= SUPPLIED INFORMATION =
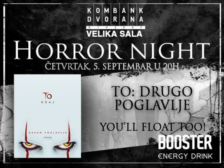 Specijalno Horor veče, posvećeno ljubiteljima horora, ali i svima koji željno iščekuju nastavak "horor avanture" TO (IT) iz 2017. godine, biće održano u četvrtak 5. septembra u 20h u Kombank Dvorani. Sve posetioce horor tematske večeri očekuju i pokloni iznenađenja.
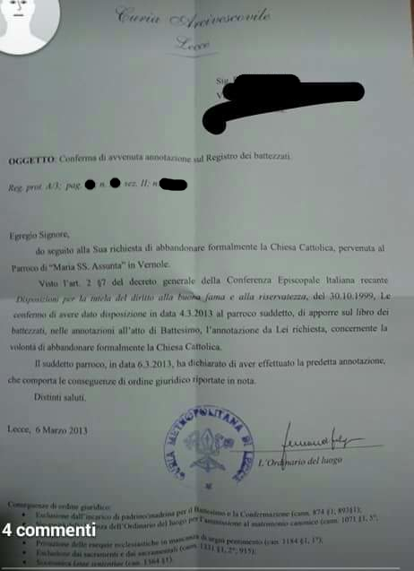 Una persona ha chiesto la rettifica dei dati relativi al proprio battesimo avvenuto a Maria Ss. Assunta - VERNOLE (LE) il 06/03/2013, dichiarando di non voler più far parte della Chiesa Cattolica.
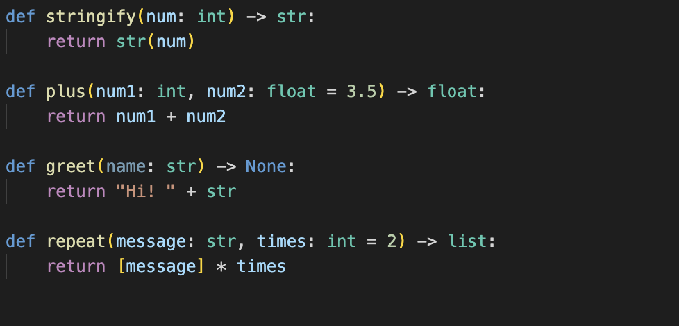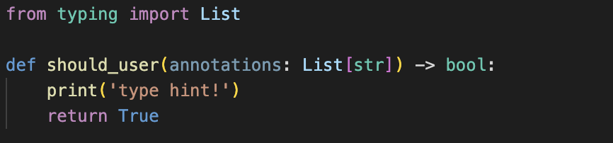 간단하게 타입 힌트를 어떻게 사용하는지 보겠습니다.

= WHAT TO WORK ON =
Leave out the pictures, and retype exactly the lines from the one containing "Una persona ha" through the final line of the data.

= OUTPUT =
 Una persona ha chiesto la rettifica dei dati relativi al proprio battesimo avvenuto a Maria Ss. Assunta - VERNOLE (LE) il 06/03/2013, dichiarando di non voler più far parte della Chiesa Cattolica.
 간단하게 타입 힌트를 어떻게 사용하는지 보겠습니다.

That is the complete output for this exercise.